Model Selection Strategy

Use Case	Recommended	Why
Main development	`anthropic:claude-sonnet-4`	Best coding, caching support
Fast queries / layers	`openai:gpt-4o-mini`	Fast, cheap
Compression decisions	`anthropic:claude-haiku-4-5`	10x cheaper than Sonnet
Research / exploration	`openrouter:google/gemini-2.5-flash-preview`	Large context, fast
Cost-effective	`deepseek:deepseek-chat`	Lowest cost

Prompt Caching

Providers with caching support can reduce costs by caching repeated context:

Anthropic: Automatic for Claude 3.5+ models. Cache write at 1.25x, read at 0.1x cost.
OpenRouter: Depends on underlying model.

Caching is always-on for supporting providers — the cache marker is moved to the latest message on every turn and uses the provider's long (1h) TTL. No configuration required.

Cost Tracking

Every request tracks token usage and cost:

/info     # Session overview
/report   # Detailed per-request breakdown

Set spending limits:

max_session_spending_threshold = 5.0   # USD per session
max_request_spending_threshold = 1.0   # USD per request

Switching Models

Change model mid-session:

/model openai:gpt-4o
/model anthropic:claude-sonnet-4

Or override at startup:

octomind run -m anthropic:claude-sonnet-4

Troubleshooting

"Invalid model format": Must be provider:model. Example: openrouter:anthropic/claude-sonnet-4.

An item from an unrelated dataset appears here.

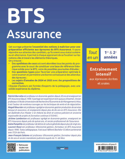 Note biographique Patrick Barrottaest professeur d’économie et gestion. Il enseigne de la seconde au BTS, maiségalement en Licence 3 et Master 1à l’IUP de Nice. Laurent Rossiest professeur d’économie et gestion et formateur BTS. ,Présentation Cet ouvrage présente l’essentiel des notions à maitriser pour une préparation efficiente aux épreuves du BTS Assurance. Il saura répondre aux attentes des candidats, qu’ils soient sous statut scolaire ou en alternance. Il permet à chaque apprenant de se focaliser sur les notions clés à travers les éléments théoriques. On y trouve : Dessynthèses de coursoù sont abordés tous les points du programme avec le souci de constituer une base de référence théorique solide pour le BTS, voire de possibles poursuites d’études ;Desquestions typespour favoriser une préparation optimale à votre examen et permettre une bonne connaissance des attendus des épreuves ;Lessujets d’annalesde 2024 et 2025avec despropositions decorrection. L’équipe d’auteurs est formée d’experts de la pédagogie, avec une solide expérience du diplôme. Afficher moinsAfficher plus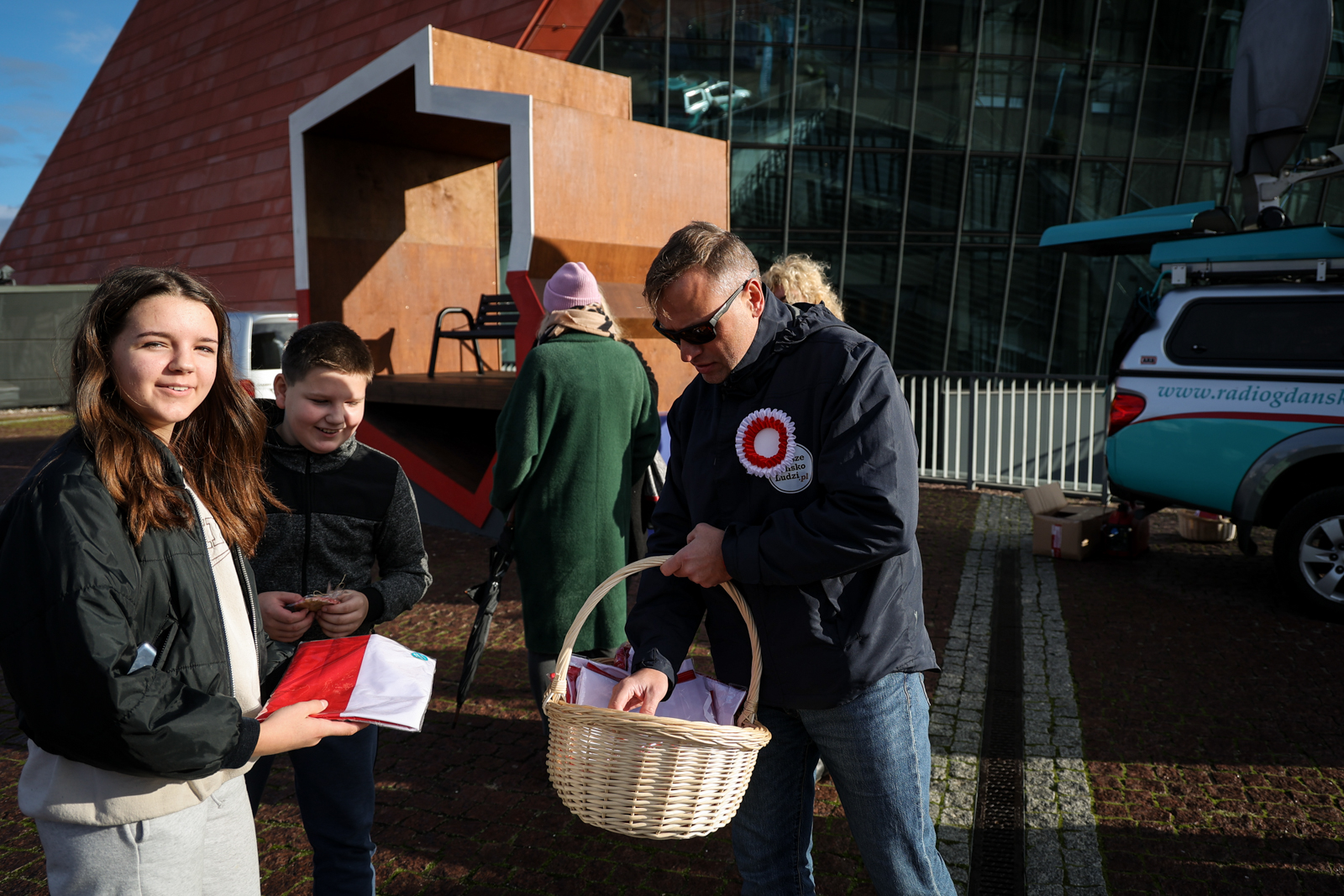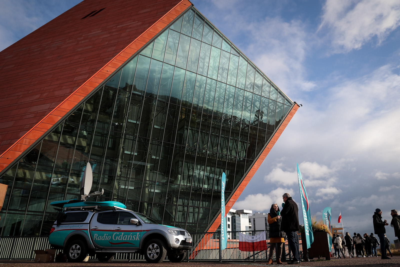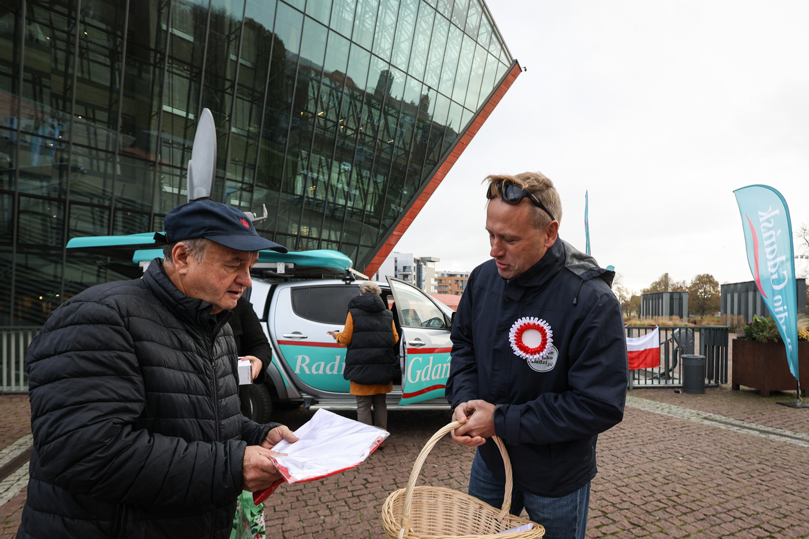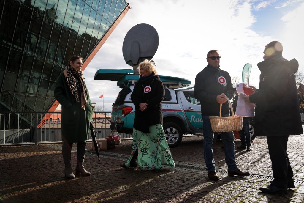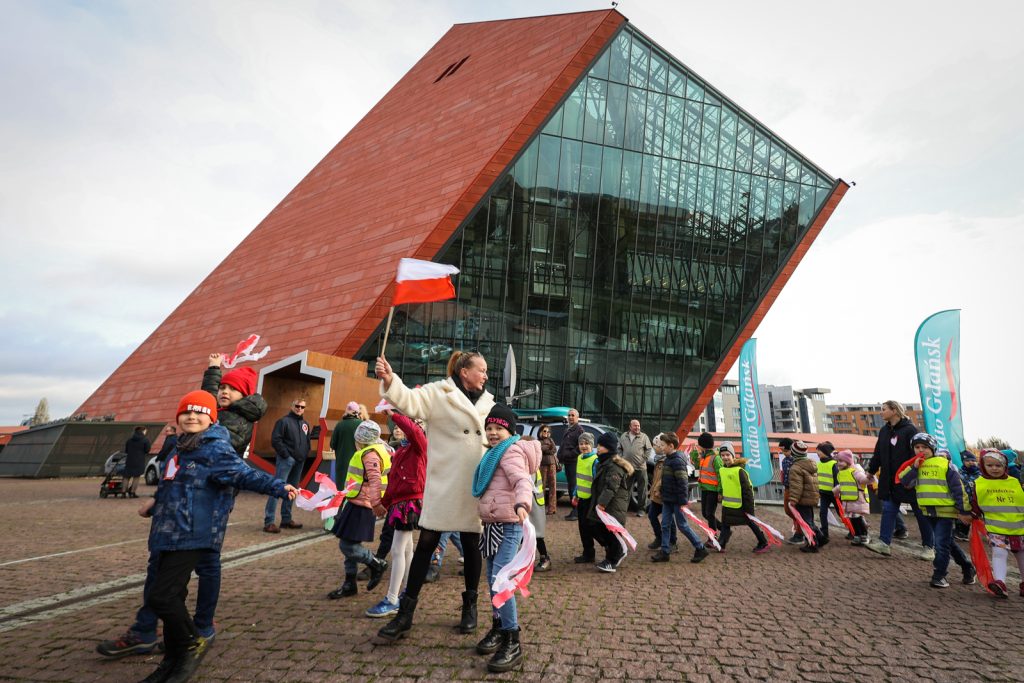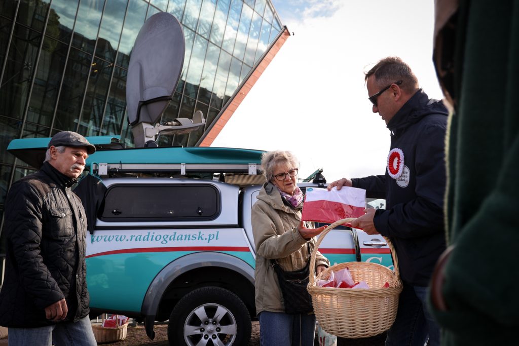 Nasza rozgłośnia rozpoczęła świętowanie Dnia Niepodległości już w czwartek. Mobilne studio Radia Gdańsk stanęło przed budynkiem Muzeum II Wojny Światowej, skąd nadajemy program specjalny pod hasłem „Radośnie świętujemy niepodległość”, a także rozdajemy biało-czerwone flagi i ciastka.

"API key not found": Set the provider's environment variable. Use octomind config --show to check.

"Provider does not support structured output": Not all providers support structured output. Use OpenAI or Anthropic for structured output.

Google Vertex AI issues: Ensure GOOGLE_APPLICATION_CREDENTIALS points to a valid JSON file and the Vertex AI API is enabled.